Work task:
Exact transcription of the data below is required, without the images.

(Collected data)
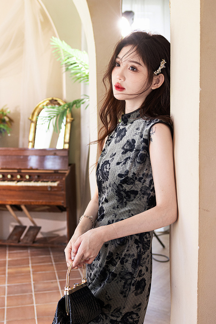 2024秋冬新款无袖双层扎染弹力中长水墨画中国风修身旗袍YT2860 商品图1
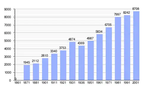 | Gráfica de evolución demográfica de Pasian di Prato entre 1861 y 2001 |
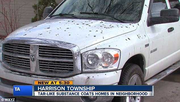 Жители одного из городов в Мичигане недоумевают, после того как дегтеобразное вещество обрушилось на их автомобили, подъезды и проезжую часть на этой неделе. Черное, маслянистое вещество обнаружили, по крайней мере, на шести дорогах в городе Гаррисон в воскресенье, и несколько дней спустя, что это за материал по-прежнему остается загадкой. Сотрудники департамента экологии собрали образцы вещества.
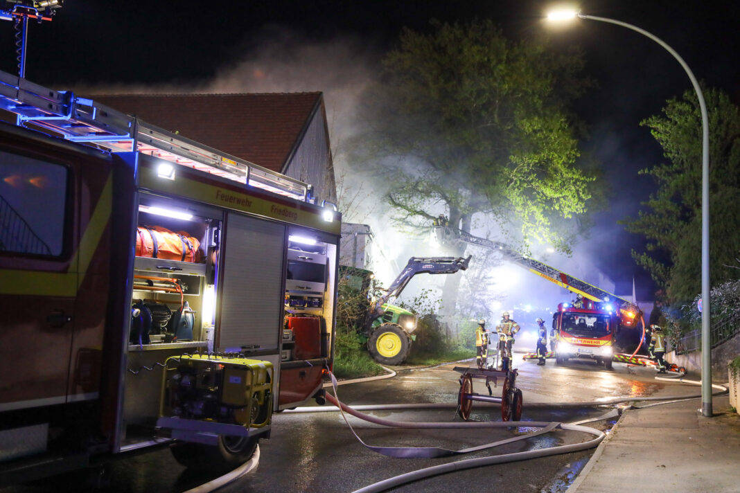 Noch während der Aufbauarbeiten für die Wasserversorgung kam es zu einer plötzlichen Durchzündung im Inneren des Gebäudes. Umgehend wurden Atemschutztrupps im Innen- und Außenangriff eingesetzt. Insgesamt kamen fünf C-Rohre sowie die Drehleiter der Feuerwehr Friedberg zum Einsatz. Nur durch das rasche und koordinierte Vorgehen der Einsatzkräfte konnte ein Übergreifen der Flammen auf angrenzende Gebäude verhindert werden.
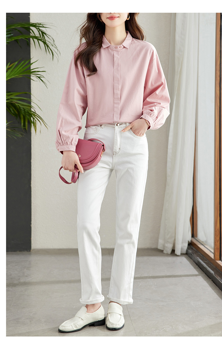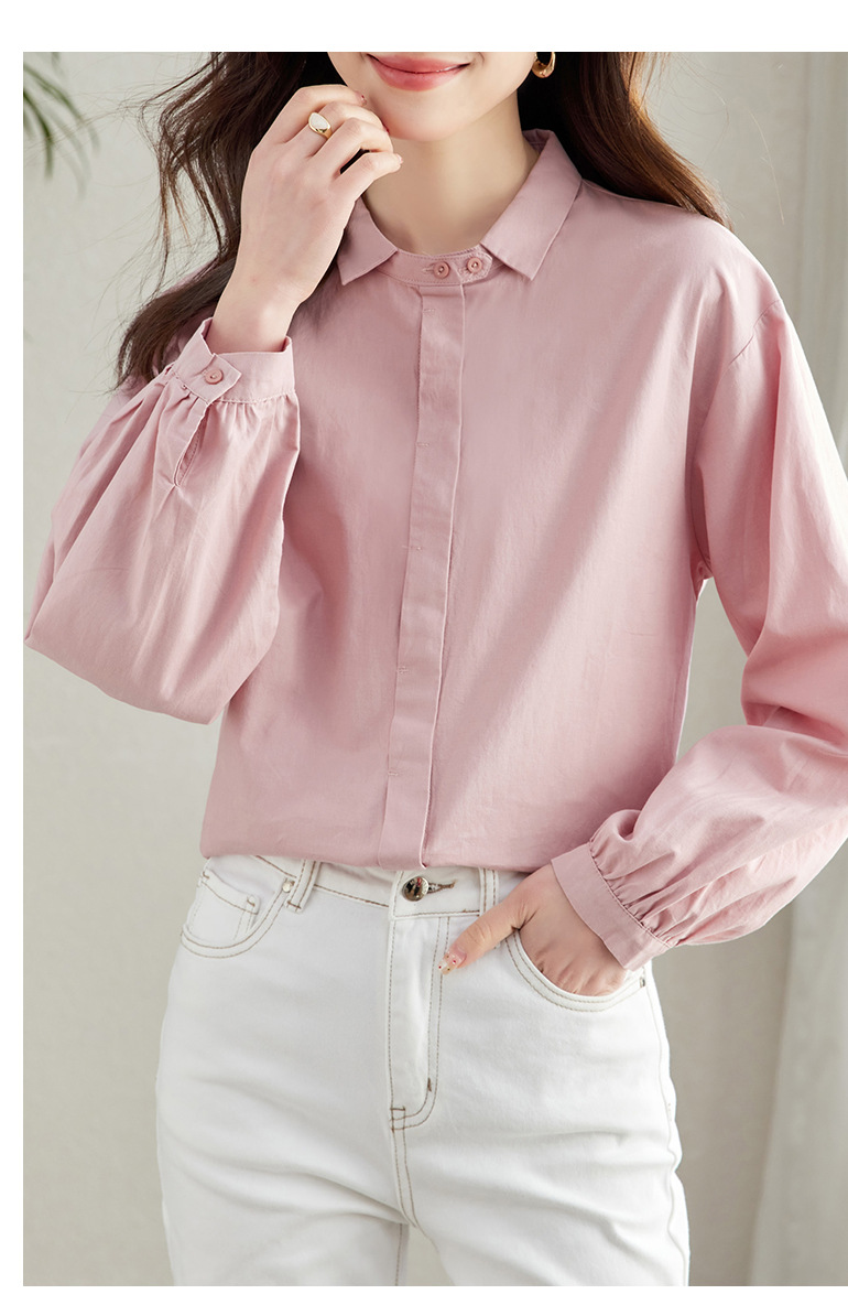 丁摩 新款春秋季纯棉长袖衬衫女门巾工艺衬衣女5ZF-41095

Answer for the task:
 2024秋冬新款无袖双层扎染弹力中长水墨画中国风修身旗袍YT2860 商品图1
 | Gráfica de evolución demográfica de Pasian di Prato entre 1861 y 2001 |
 Жители одного из городов в Мичигане недоумевают, после того как дегтеобразное вещество обрушилось на их автомобили, подъезды и проезжую часть на этой неделе. Черное, маслянистое вещество обнаружили, по крайней мере, на шести дорогах в городе Гаррисон в воскресенье, и несколько дней спустя, что это за материал по-прежнему остается загадкой. Сотрудники департамента экологии собрали образцы вещества.
 Noch während der Aufbauarbeiten für die Wasserversorgung kam es zu einer plötzlichen Durchzündung im Inneren des Gebäudes. Umgehend wurden Atemschutztrupps im Innen- und Außenangriff eingesetzt. Insgesamt kamen fünf C-Rohre sowie die Drehleiter der Feuerwehr Friedberg zum Einsatz. Nur durch das rasche und koordinierte Vorgehen der Einsatzkräfte konnte ein Übergreifen der Flammen auf angrenzende Gebäude verhindert werden.
 丁摩 新款春秋季纯棉长袖衬衫女门巾工艺衬衣女5ZF-41095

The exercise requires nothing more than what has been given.